Questions fréquentes sur les fonctions exécutives

C'est quoi exactement les fonctions exécutives ?

Les fonctions exécutives sont un ensemble de processus cognitifs qui permettent de planifier, s'organiser, démarrer une tâche, inhiber les distracteurs, s'adapter aux imprévus et réguler ses émotions. Elles agissent comme le chef d'orchestre du cerveau : elles ne font pas le travail à la place des autres fonctions, mais elles les coordonnent.

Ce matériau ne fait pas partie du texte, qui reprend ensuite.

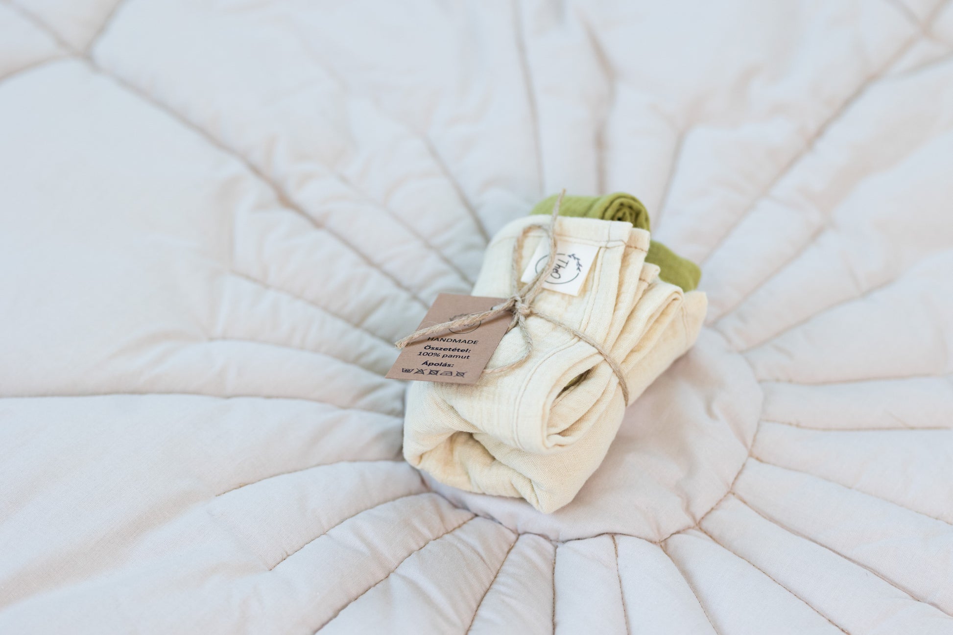 Kettő darab (törtfehér és levélzöld) pamut muszlin babakendő egy szettben! Jó nedvszívó képességű és rendkívül légáteresztő!

Peut-on avoir des difficultés avec les fonctions exécutives sans avoir de diagnostic ?

Oui, tout à fait. On peut présenter des fragilités exécutives sans jamais avoir reçu de diagnostic de TDAH, de DYS ou de HPI. Certaines personnes fonctionnent avec des difficultés importantes pendant des années, parfois toute leur scolarité, sans que personne ne mette de mots dessus. Un bilan permet de clarifier ce qui se passe réellement.

Pourquoi mon enfant "oublie" les consignes dès qu'on les lui a données ?

Florence Pâris, psychopraticienne spécialisée neuroatypies et créatrice de la méthode LudoCognitif®, explique que cet oubli rapide est souvent lié à la mémoire de travail : cette capacité à retenir temporairement une information le temps de l'utiliser. Quand la mémoire de travail est fragile, les consignes disparaissent avant même d'avoir pu être mises en oeuvre. Ce n'est pas de la désobéissance. C'est de la mécanique cérébrale.

Mon enfant est "paresseux" ou il a vraiment un problème de fonctions exécutives ?

La question du démarrage d'une tâche est une des manifestations les plus fréquentes d'une fragilité exécutive, notamment dans la planification et l'initiation de l'action. Quand un enfant "procrastine" ou reste figé face à un travail, son cerveau a souvent du mal à amorcer la séquence d'actions nécessaires. Florence Pâris, créatrice de la méthode LudoCognitif®, souligne que qualifier cela de paresse, c'est appliquer un jugement moral à un problème neurologique. Et ça ne résout rien.

Les adultes peuvent-ils aussi travailler leurs fonctions exécutives ?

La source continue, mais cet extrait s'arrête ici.